Alson Weber

Personal information
- Born: November 7, 1910 Waterloo, Ontario, Canada
- Died: December 29, 2005 (aged 95) Waterloo, Ontario, Canada

= Alson Weber =

Canadian volleyball player (1910–2005)

Alson Menno Weber (/ˈælsən ˈwiːbər/; November 7, 1910 – December 29, 2005) was a Canadian volleyball player. He played for the Kitchener-Waterloo Y.M.C.A. Volleyball Team from 1932 to 1946. The K-W YMCA team won the Ontario Senior Open Championship every year from 1932-1946, the Eastern Canadian Championship all three times that it was held in that period, and also many International Tournaments which involved Ontario and New York State teams.

In 1939 the K-W YMCA team competed at the United States National Championships.
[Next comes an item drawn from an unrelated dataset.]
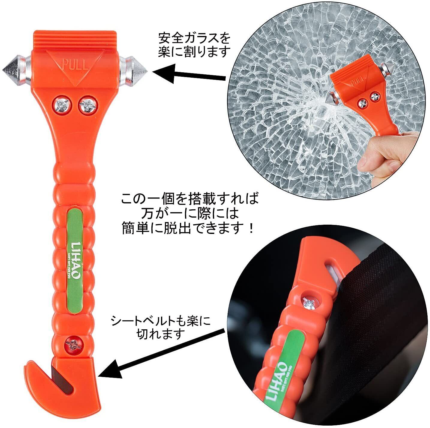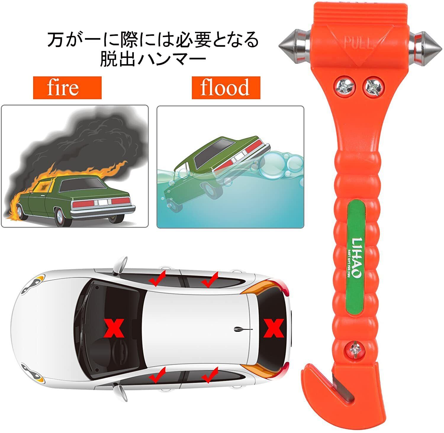 LIHAO レスキューハンマー 脱出用ハンマー 車 ハンマー 2個セット 固定ホルダー付き 緊急脱出ハンマー 車 窓割り ハンマー シートベルトカッター付き 安全 緊急 ガラス 窓 割り 車載用

They were defeated by the Houston, Texas team, which went on to win the US national championship.

Weber's teammates included Carl Dunke, Jim McLeod, Delton Kropf, Henry Enns, Arthur Youngman, Lloyd Current and Morton Devitt. Alson Weber is honoured in the Waterloo County, Ontario and Canadian Sports Hall of Fame. The K-W YMCA team is also honoured in the Waterloo County Hall of Fame.

Weber spent the better part of his life in Waterloo, Ontario. He was predeceased by his wife, Lorraine Weber (Snyder) in 1988. He has three sons, John, Jim, and Ross.